RECOGNIZING IMMEDIATE EFFECTS

Think about the differences among cognitive, belief, attitudinal, physiological, emotional, and behavioral effects. Then think about what has happened to you in your life after particular media exposures.

On a blank sheet of paper, divide the page into six rows, labeling them cognitive, belief, attitudinal, physiological, emotional, and behavioral effects.

For each row, see if you can list at least two effects that have happened to you immediately after being exposed to the media. Name the immediate effect, and then describe a specific example of how the media have affected you or someone you know.

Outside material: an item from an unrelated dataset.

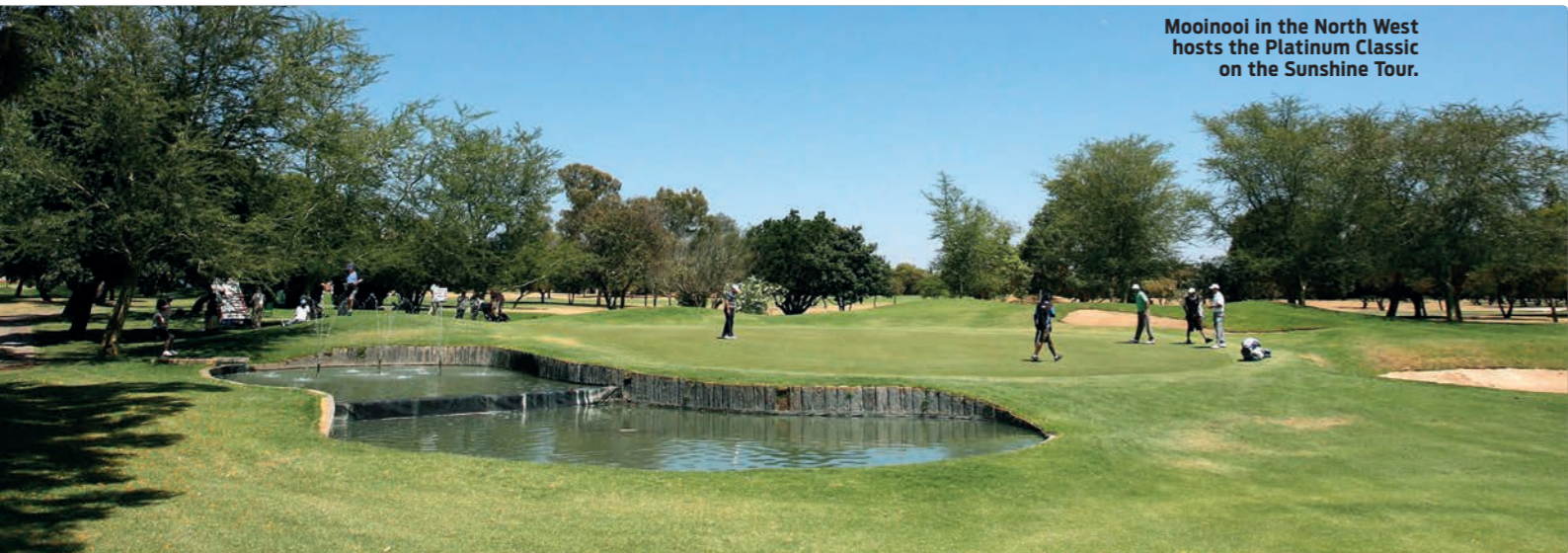
Mooינווי in the North West hosts the Platinum Classic on the Sunshine Tour.

layout (6 000 metres), five kilometres outside town, on the Sundays River, with views of the surrounding mountains. The club itself was founded in 1897, and its two previous courses both had sand and oil greens. A regular water supply enabled the club to grow kikuyu on the fairways, and plant Bayview on the greens. One of South Africa's most famous historic golfers, Douglas Proudfoot (1860-1930), lived in Graaff-Reinet, and the golf club hosts a 3-day Proudfoot festival in March.

Use the list below to guide your thinking.

1. Cognitive: Media can immediately plant ideas and information.

2. Belief: Media can illustrate beliefs that we accept.

3. Attitudinal: Media can influence our evaluative judgments.

4. Physiological: Media can arouse or calm you.

5. Emotional: Media can trigger an immediate emotional reaction, such as fear, attraction, sadness, and laughter.

6. Behavioral: Media can trigger behavior.

EXERCISE 3.3

RECOGNIZING LONG-TERM EFFECTS

Think about how the media may have exercised a subtle effect on you over the long term.

On a blank sheet of paper, divide the page into six rows, labeling them cognitive, belief, attitudinal, physiological, emotional, and behavioral and effects.

For each row, see if you can list two long-term effects. Next to each effect, describe specifically how long-term exposure to media has led to that effect on you.

Use the list below to guide your thinking.

· Long-term effects: A slow accumulation of information, attitudes, and images that lead to beliefs about the real world.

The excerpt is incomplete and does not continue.